Dr. bekki
Development and Autism Part 6
Accommodating the Atypical System: Interventions fueled by Understanding over Correction

Autism research as it is currently being undergone heavily relies on genetic and inherited risk factors that make certain individuals more susceptible to developing the disorder than others. Risk level is determined by familial occurrence of autism not because of social influences but based on assumed shared genetic factors. Currently, the accepted notion is that a later-born sibling to an older child with autism is at risk of developing the disorder due to their shared genes. Extensive studies have been executed to pinpoint the specific genes that cause autism or that make the autism-gene-carrying individual more susceptible to the development of autism. While some researchers have found certain genetic factors to correlate more highly with the autism outcome, the specific genetic contribution remains inconclusive (Gupta & State, 2007).
Conversely, other research has sought ways to trace autism to exogenous environmental factors, such as pollution, vaccines, and diet. Extensive lifestyle shifts and therapies have been administered to treat the disorder, again with debatable results (Wolff, 2004).
As always, the problem is much more complex than those proposed by singular explanations of genes or environmental factors. In order to fully understand the spectrum of complexities surrounding the emergence of autism, it is useful to investigate the possible mechanisms behind the symptoms and their potentially adaptive functions. By applying the idea of simple approach/withdrawal processes tailored specifically to their system, earliest symptoms suddenly seem rather fitting given the developmental circumstances of the individual. If, for various prenatal reasons, certain physiological structures develop atypically, following physiological, anatomical, and behavioral configurations will be affected and may develop accordingly. Similarly, if during earliest infancy, certain atypical behaviors develop for further reasons, other atypicalities are more likely to follow.
The current response aims to propose through the synthesis of several studies and findings a series of possible mechanisms that may affect and/or cause the emergence of autism.

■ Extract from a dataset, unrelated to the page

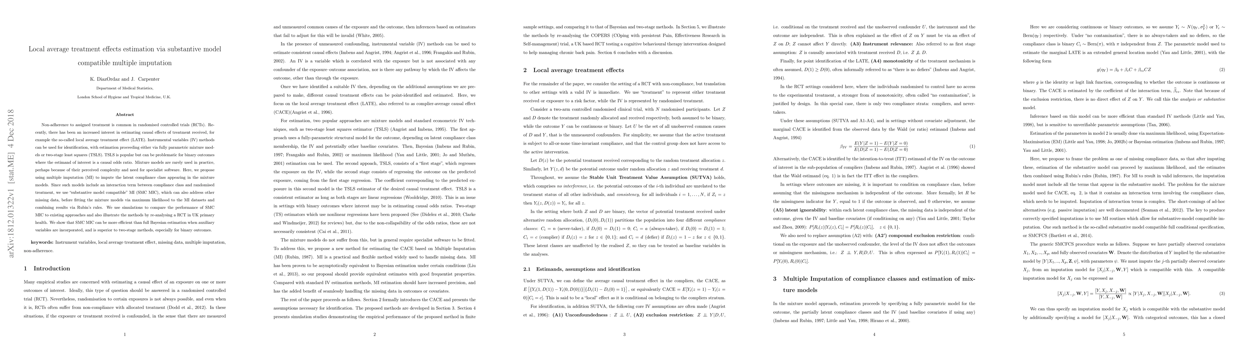 This paper proposes using substantive model compatible multiple imputation (SMC MI) to estimate local average treatment effects in randomized controlled trials with non-adherence. The method is shown to be more efficient than two-stage least squares and full Bayesian estimation, especially for binary outcomes.

Ranging from prenatal factors, such as parental stress and obstetric complications, to early postnatal factors, such as neural overconnectivity and dopaminergic hyperactivity, to toddler symptoms, such as sleep atypicalities and motor disabilities, this synthesis proposes that autism can emerge due to early abnormal development and the system’s concurrent adjustments.
Recognizing the openness of the timeline during which autism can express itself should allow caretakers, researchers, and clinicians to feel emboldened in their ability to intervene and correct the destructive symptoms. Understanding that the symptoms emerge as partial coping strategies, potential alternatives can be investigated and relayed to affected individuals. While taking into account a potentially self-accommodating system striving to attain instances of predictability and agency, new interventions can be designed to more specifically target the abnormal symptoms as coping mechanisms rather than harmful byproducts of a genetic disorder.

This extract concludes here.